YOUR INSTRUCTIONS:
When you reach the line that contains "Header photo: From", begin copying exactly and continue through the last line below. Do not copy pictures.

RECORDS PROVIDED:

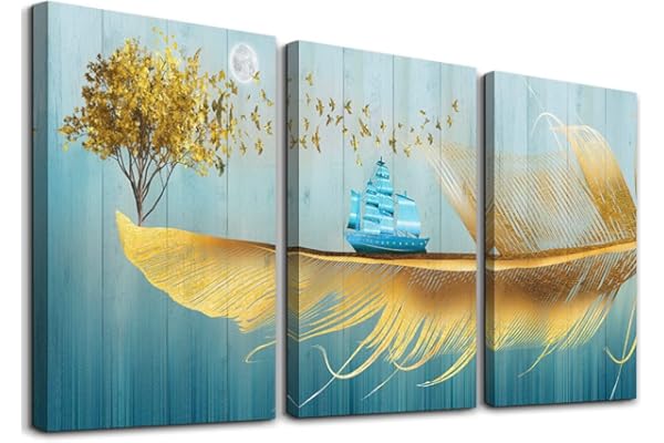 Canvas Wall Art for Living Room, Modern Pictures , Golden Feather and Yellow Tree Paintings, Posters for Farmhouse, Prints for Office, 3 Pieces Set
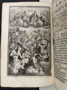 Frontispice de Hallé gravé par P. Landry et 11 gravures sur cuivre à pleine page représentant le roi David, l'Annonciation, la Nativité, la Pâques, l'Ascension, la Pentecôte, la Trinité, le Saint Sacrement, Saint Augustin, Sainte Ursule, la Toussaint.
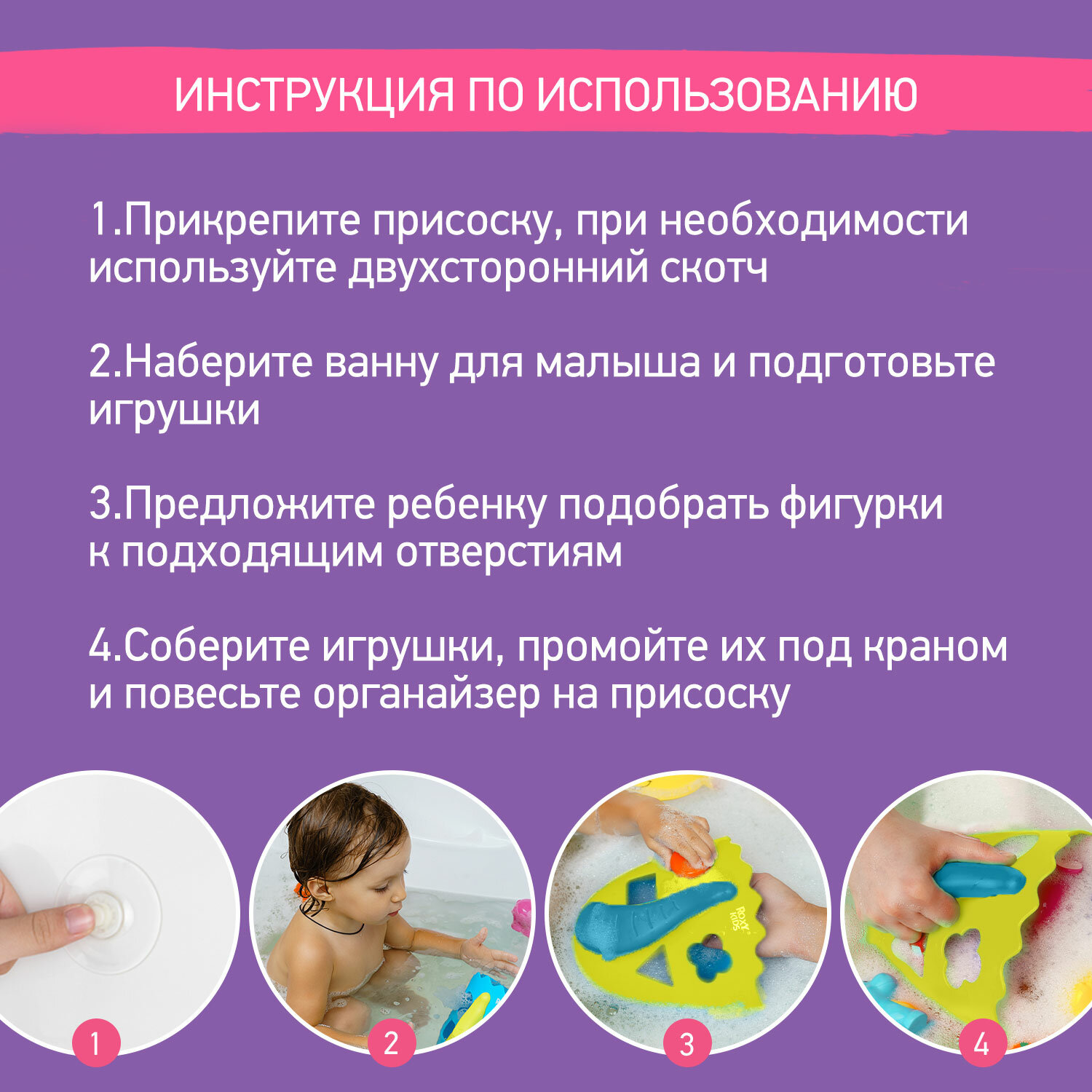 | Минусы: | в комплекте не было 2 наклеек для присосок, хотя по инструкции они там должны были быть, контейнер часто падает со стены, поместить в него игрушки практически невозможно, туда может влезть пара книг для ванны и максимум 4 маленькие резиновые пищалки. Не более того, так что вообще бесполезная вещь |
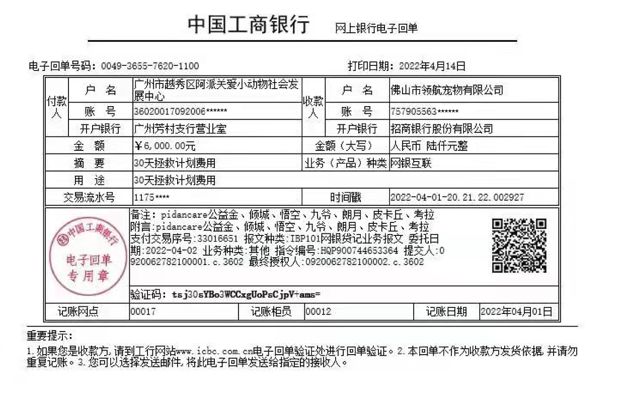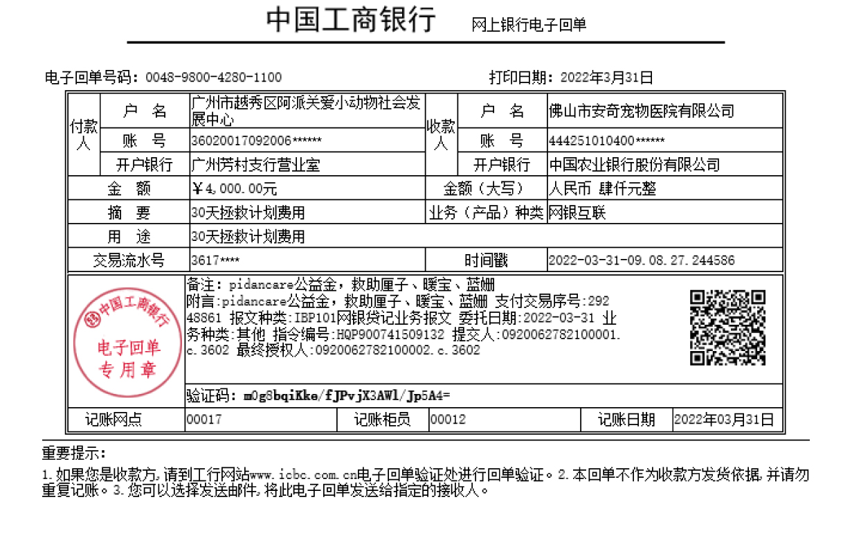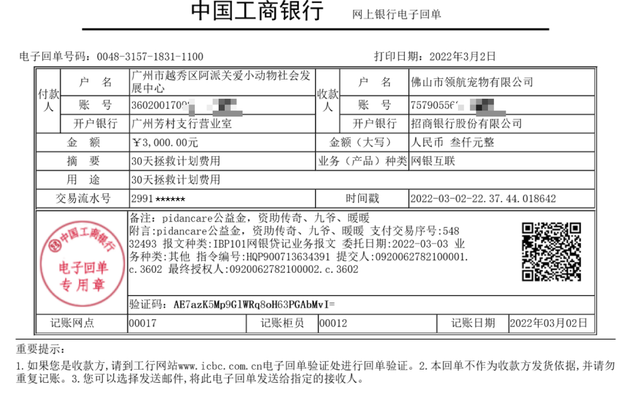 Dog Langyue suffered from multiple fractures due to the crash by a vehicle, and was rescued on Mar. 1, 2022 and treated.
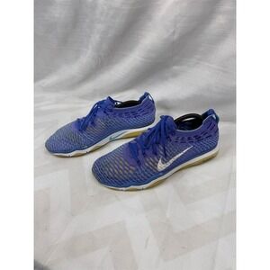 Keywords: Nike, Air Zoom, Flyknit, women's sneakers, athletic shoes, breathable, lightweight, durable, blue sneakers, lace-up, pre-owned, size 9.5, gym shoes, performance sneakers, stylish sneakers.
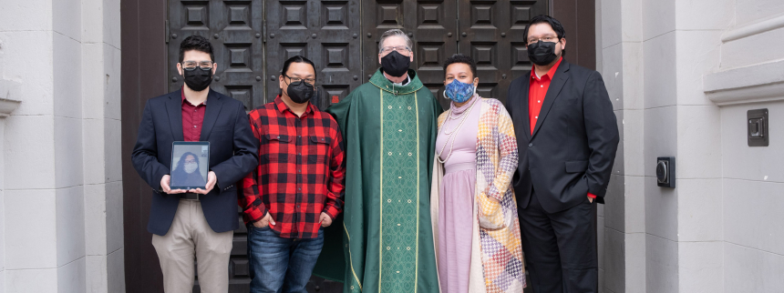 Header photo: From left, Victor Amador (with Victoria Ramos on iPad), Joseph Visitacion, Father Michael O’Reilly, Titi Kila and Ruben Arocan at the doors of the Cathedral of the Blessed Sacrament.
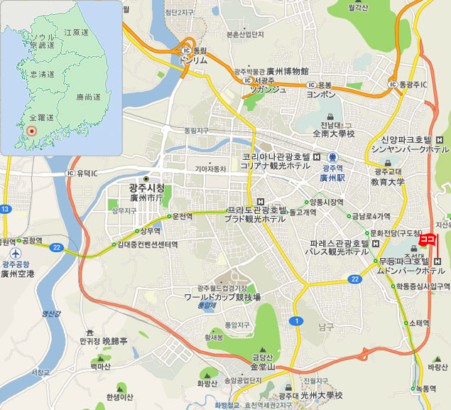光州(クァンジュ)総合バスターミナルからホテルまでタクシーで30分所要。

ANSWER TO THIS TASK:
 Header photo: From left, Victor Amador (with Victoria Ramos on iPad), Joseph Visitacion, Father Michael O’Reilly, Titi Kila and Ruben Arocan at the doors of the Cathedral of the Blessed Sacrament.
光州(クァンジュ)総合バスターミナルからホテルまでタクシーで30分所要。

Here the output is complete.